Data extract
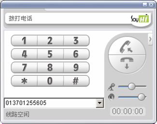 PC--PHONE电话覆盖全国。手机、固话、小灵通,直接拨打无须接通特殊服务号,接通速度快,话音清晰、稳定。比一般IP低一半的话费让你通话无极限。同时还具有通话记录管理功能。
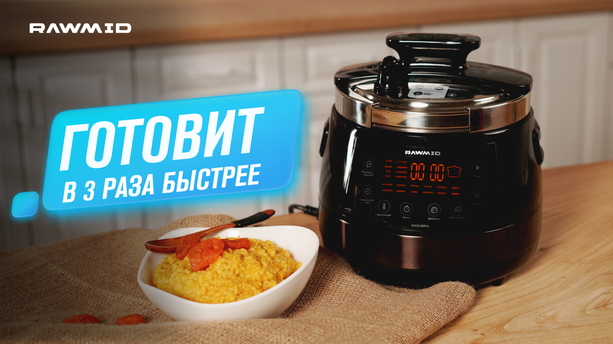 В повседневной суете часто не хватает сил и времени на приготовление домашней еды, а хочется питаться вкусно и полезно. Метод готовки под давлением помогает справиться с этой задачей, сохраняя питательную ценность продуктов. Такая функция есть у мультиварки-скороварки, благодаря которой блюда готовятся в 2-4 раза быстрее, чем в обычной мультиварке или на плите. Мультиварка-скороварка RAWMID имеет 19 автоматических программ, 9 из которых идут без давления в приготовлении: Томление, Разогрев, Фритюр, Жарка, Попкорн, Блины, Хлеб, Десерты, Пирог. Остальные 10 программ готовят под давлением: Плов, Каши, Тушение, Суп, Пар, Крупы, Варка, Холодец, Паста, Йогурт. Принцип работы программ с давлением В режиме готовки под давлением крышка герметично закрывается, и пар, который образуется при нагревании жидкости, не выходит наружу. Он накапливается и за счет этого создается избыточное давление. Температура внутри может достигать 110-120 °C, что и обеспечивает быструю термообработку продуктов. Скоро
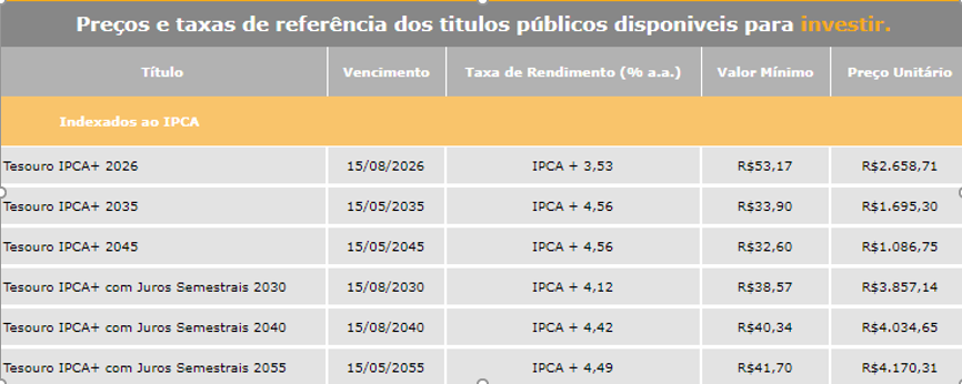 - Tesouro IPCA: é um pós-fixado que tem como indexador a inflação, ou seja, o IPCA;
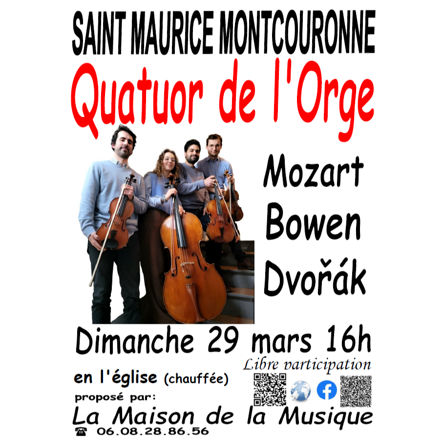 Le Quatuor de l'Orge, composé de 4 jeunes musiciens talentueux - Raphaël Dauriat et Thibault Brétécher, violons, Madalin Noël, Alto et Noémie Dournaud, Violoncelle - nous propose trois œuvres majeures du répertoire pour quatuor à cordes, du classicisme au romantisme :
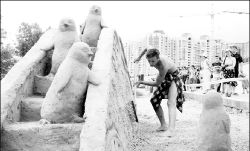 ARTE EN LA ARENA  Un escultor ultima detalles de su creación hecha con arena durante el segundo Festival Internacional de Esculturas de Arena que se realizó en Kiev, Ucrania. Participaron más de 30 jóvenes artistas FOTO AFP
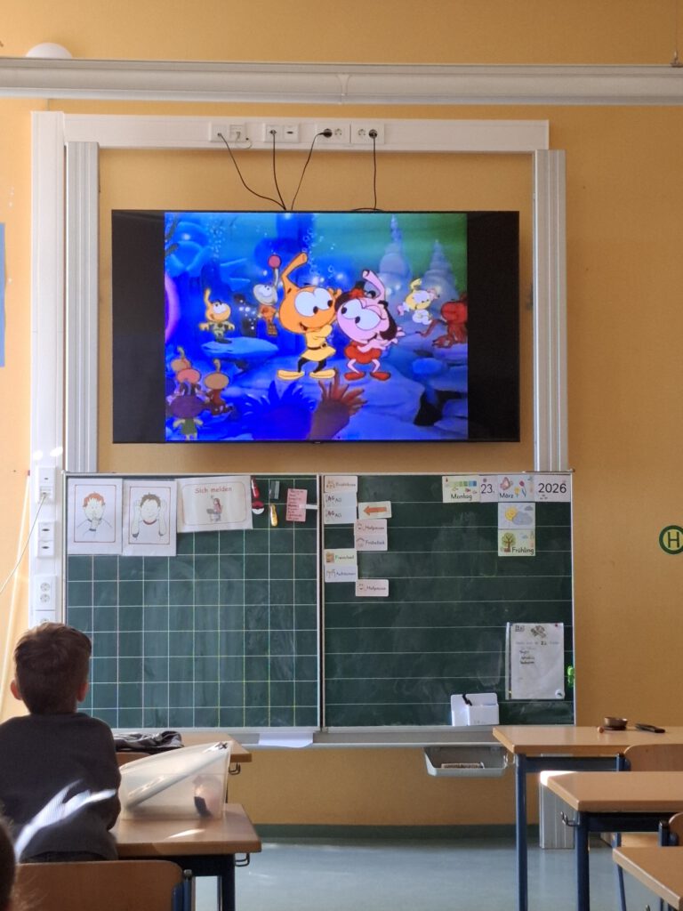 Inhalt: „Eumel und Emi finden Twinky. Einen ganz besonderen Stern. Sie lernen Bruno kennen und der hat einen Kindertraum!“ (Eumel und Emi / Twinky !Spende!). Beim Vorlesen wurden die Kinder stets mit einbezogen und angesprochen. Viele lauschten gespannt und beteiligten sich rege. Am Ende erhielten alle Zuschauer eine Geschenk-Karte mit QR-Code für drei Hörbücher von Herrn Sassenroth zum Anhören zu Hause oder in der Schule. Außerdem erhielt die 1a eine EMI als neues Mitglied der Klasse und die 1b einen EUMEL.
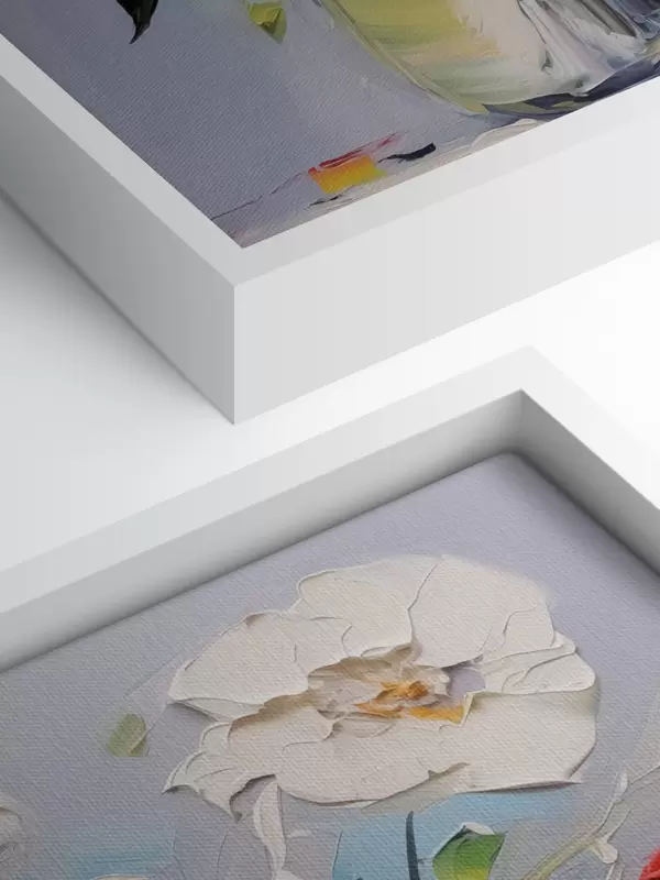 Trois types de matériaux peuvent être commandés : Economic Canvas - matériau dense et durable pour l'impression numérique, identique à la toile de peintre, surface imperméable, reproduction réaliste des détails, matériau à grain moyen. Premium Canvas - la texture ressemble à celle d'une toile de peintre (petits fils entrelacés). Reproduction douce et détaillée de l'image sur une surface mate. Eco-Premium - tissu 100 % coton de haute qualité. Grâce aux fibres naturelles de coton, le matériau est durable et résistant à l'usure. Excellente reproduction des couleurs et des détails.
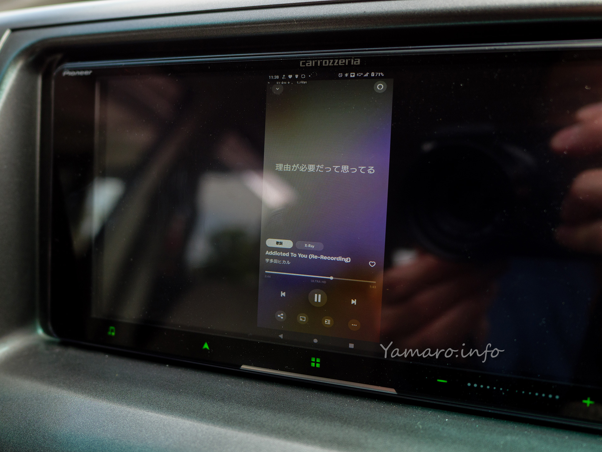 事前に自宅のディスプレイでHDMI出力できることは確認しているので、クルマでも問題なく接続できました。ミラーリングなので、スマホが縦だとミラーリング先も縦の画面に。さてちゃんとハイレゾ接続できているかな? ナビ側では確認できないため、Prime Music側のソフトで確認しましょう。
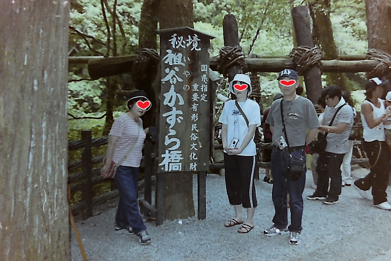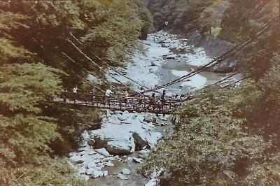 文字通りのかずら橋は、平家の落人がこの地に来たときに追手が来てもすぐに切り落とせるものとして作ったという説があります。確かに人が一人渡るだけでもギシギシ鳴るは揺れるはとスリル満点です。重要有形民俗文化財に指定されていますが、材料の太いかずらが取れなくなりつつあります。なんとかして後世に伝えて欲しいと改めて思います。
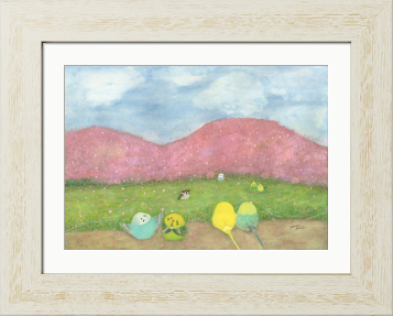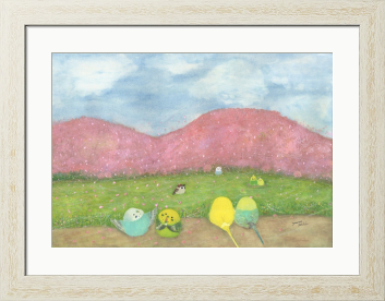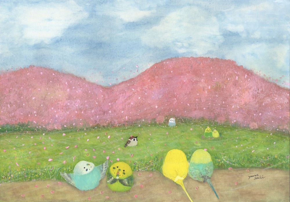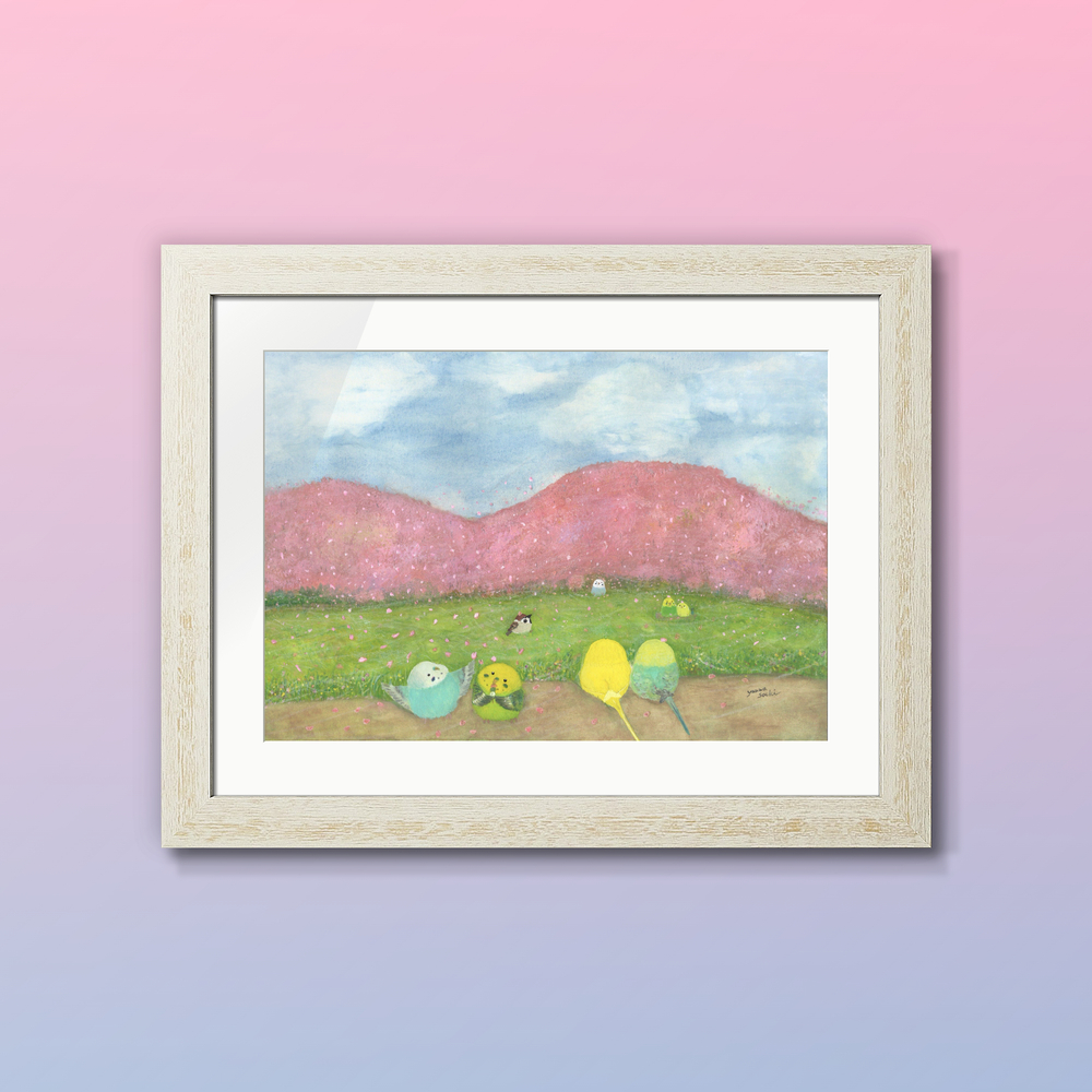 【桜吹雪インコたち】 桜と風に舞う桜吹雪、セキセイインコたち、スズメを描いた絵画です。 桜を楽しむ小鳥達を優しいタッチで描きました。 もしも…鳥たちの世界があったなら……。 自由に物語を想像していただけましたら幸いです。 お部屋に飾るインテリアアートとしてもおすすめの1枚です。
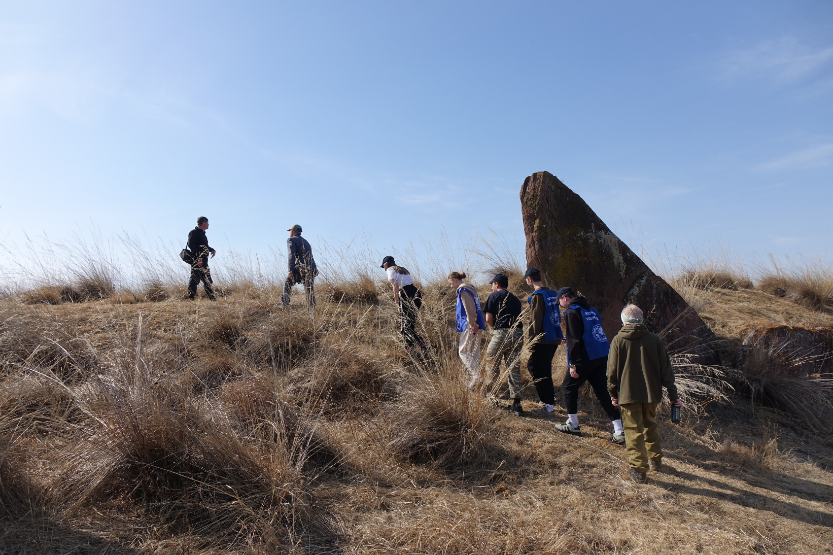 Следующей точкой экспедиции стало посещение каменоломни в окрестностях с. Весеннее и озера Улух-Коль. Участники мероприятия определяли тип горной породы, осуществляли отбор образцов для лабораторных исследований (геохимический анализ, спектрографический анализ), провели сравнительное описание геологического строения плит, что позволит определить происхождение строительного материала Салбыкских курганов.
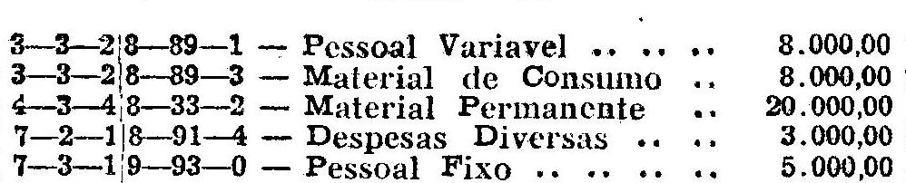 No artigo 1.º - Onde se lê: "7-3-1|9-93-0 - Pessoal Fixo.........Cr$.....5.000,00"
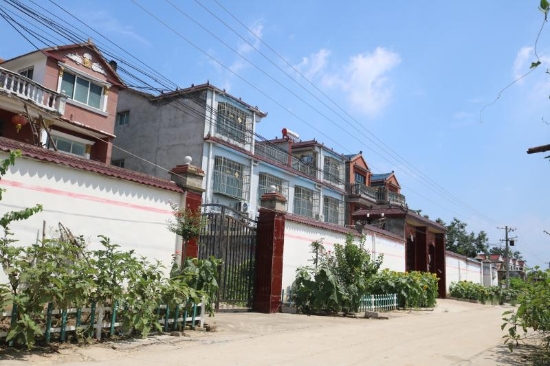 “整治后的坑塘邊綠村成蔭,不時有小鳥掠過水面又飛回樹梢;村頭巷尾、花開四季,孩童們在村中追逐嬉鬧,老人們在村道上怡然自得地徜徉散步,歡笑不斷;群眾文化廣場上,村民集聚在這里休閑、娛樂、健身,成了村里人氣最旺的地方。”另一個具有代表性的鄉(xiāng)村振興新版本是馬鋪鎮(zhèn)最南端軍吳行政村,這個村子位于惠濟河北岸,207省道橫穿南北,轄軍吳,高口,高莊,吳樓,許莊,王莊,豆腐營七個自然村,耕地面積4288畝,總?cè)丝跀?shù)4236人。近年來,這個村子除大力發(fā)展中藥材、蔬菜等經(jīng)濟作物種植外,還以“二四四”工程和“雙強”村創(chuàng)建為抓手,開展“美麗鄉(xiāng)村”行動,打造美麗庭院,對村中主次道路進行硬化、綠化、美化、亮化,發(fā)展以生態(tài)為底色的宜居宜游農(nóng)旅村落,成為鹿邑縣首批“千萬工程”示范村。
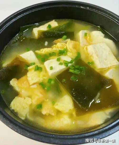 材料:海带 100 克、豆腐 1 块、姜片、盐、食用油、葱花适量。

Exercise instructions
Reproduce all entries above exactly, minus the images.

Your response
 PC--PHONE电话覆盖全国。手机、固话、小灵通,直接拨打无须接通特殊服务号,接通速度快,话音清晰、稳定。比一般IP低一半的话费让你通话无极限。同时还具有通话记录管理功能。
 В повседневной суете часто не хватает сил и времени на приготовление домашней еды, а хочется питаться вкусно и полезно. Метод готовки под давлением помогает справиться с этой задачей, сохраняя питательную ценность продуктов. Такая функция есть у мультиварки-скороварки, благодаря которой блюда готовятся в 2-4 раза быстрее, чем в обычной мультиварке или на плите. Мультиварка-скороварка RAWMID имеет 19 автоматических программ, 9 из которых идут без давления в приготовлении: Томление, Разогрев, Фритюр, Жарка, Попкорн, Блины, Хлеб, Десерты, Пирог. Остальные 10 программ готовят под давлением: Плов, Каши, Тушение, Суп, Пар, Крупы, Варка, Холодец, Паста, Йогурт. Принцип работы программ с давлением В режиме готовки под давлением крышка герметично закрывается, и пар, который образуется при нагревании жидкости, не выходит наружу. Он накапливается и за счет этого создается избыточное давление. Температура внутри может достигать 110-120 °C, что и обеспечивает быструю термообработку продуктов. Скоро
 - Tesouro IPCA: é um pós-fixado que tem como indexador a inflação, ou seja, o IPCA;
 Le Quatuor de l'Orge, composé de 4 jeunes musiciens talentueux - Raphaël Dauriat et Thibault Brétécher, violons, Madalin Noël, Alto et Noémie Dournaud, Violoncelle - nous propose trois œuvres majeures du répertoire pour quatuor à cordes, du classicisme au romantisme :
 ARTE EN LA ARENA  Un escultor ultima detalles de su creación hecha con arena durante el segundo Festival Internacional de Esculturas de Arena que se realizó en Kiev, Ucrania. Participaron más de 30 jóvenes artistas FOTO AFP
 Inhalt: „Eumel und Emi finden Twinky. Einen ganz besonderen Stern. Sie lernen Bruno kennen und der hat einen Kindertraum!“ (Eumel und Emi / Twinky !Spende!). Beim Vorlesen wurden die Kinder stets mit einbezogen und angesprochen. Viele lauschten gespannt und beteiligten sich rege. Am Ende erhielten alle Zuschauer eine Geschenk-Karte mit QR-Code für drei Hörbücher von Herrn Sassenroth zum Anhören zu Hause oder in der Schule. Außerdem erhielt die 1a eine EMI als neues Mitglied der Klasse und die 1b einen EUMEL.
 Trois types de matériaux peuvent être commandés : Economic Canvas - matériau dense et durable pour l'impression numérique, identique à la toile de peintre, surface imperméable, reproduction réaliste des détails, matériau à grain moyen. Premium Canvas - la texture ressemble à celle d'une toile de peintre (petits fils entrelacés). Reproduction douce et détaillée de l'image sur une surface mate. Eco-Premium - tissu 100 % coton de haute qualité. Grâce aux fibres naturelles de coton, le matériau est durable et résistant à l'usure. Excellente reproduction des couleurs et des détails.
 事前に自宅のディスプレイでHDMI出力できることは確認しているので、クルマでも問題なく接続できました。ミラーリングなので、スマホが縦だとミラーリング先も縦の画面に。さてちゃんとハイレゾ接続できているかな? ナビ側では確認できないため、Prime Music側のソフトで確認しましょう。
 文字通りのかずら橋は、平家の落人がこの地に来たときに追手が来てもすぐに切り落とせるものとして作ったという説があります。確かに人が一人渡るだけでもギシギシ鳴るは揺れるはとスリル満点です。重要有形民俗文化財に指定されていますが、材料の太いかずらが取れなくなりつつあります。なんとかして後世に伝えて欲しいと改めて思います。
 【桜吹雪インコたち】 桜と風に舞う桜吹雪、セキセイインコたち、スズメを描いた絵画です。 桜を楽しむ小鳥達を優しいタッチで描きました。 もしも…鳥たちの世界があったなら……。 自由に物語を想像していただけましたら幸いです。 お部屋に飾るインテリアアートとしてもおすすめの1枚です。
 Следующей точкой экспедиции стало посещение каменоломни в окрестностях с. Весеннее и озера Улух-Коль. Участники мероприятия определяли тип горной породы, осуществляли отбор образцов для лабораторных исследований (геохимический анализ, спектрографический анализ), провели сравнительное описание геологического строения плит, что позволит определить происхождение строительного материала Салбыкских курганов.
 No artigo 1.º - Onde se lê: "7-3-1|9-93-0 - Pessoal Fixo.........Cr$.....5.000,00"
 “整治后的坑塘邊綠村成蔭,不時有小鳥掠過水面又飛回樹梢;村頭巷尾、花開四季,孩童們在村中追逐嬉鬧,老人們在村道上怡然自得地徜徉散步,歡笑不斷;群眾文化廣場上,村民集聚在這里休閑、娛樂、健身,成了村里人氣最旺的地方。”另一個具有代表性的鄉(xiāng)村振興新版本是馬鋪鎮(zhèn)最南端軍吳行政村,這個村子位于惠濟河北岸,207省道橫穿南北,轄軍吳,高口,高莊,吳樓,許莊,王莊,豆腐營七個自然村,耕地面積4288畝,總?cè)丝跀?shù)4236人。近年來,這個村子除大力發(fā)展中藥材、蔬菜等經(jīng)濟作物種植外,還以“二四四”工程和“雙強”村創(chuàng)建為抓手,開展“美麗鄉(xiāng)村”行動,打造美麗庭院,對村中主次道路進行硬化、綠化、美化、亮化,發(fā)展以生態(tài)為底色的宜居宜游農(nóng)旅村落,成為鹿邑縣首批“千萬工程”示范村。
 材料:海带 100 克、豆腐 1 块、姜片、盐、食用油、葱花适量。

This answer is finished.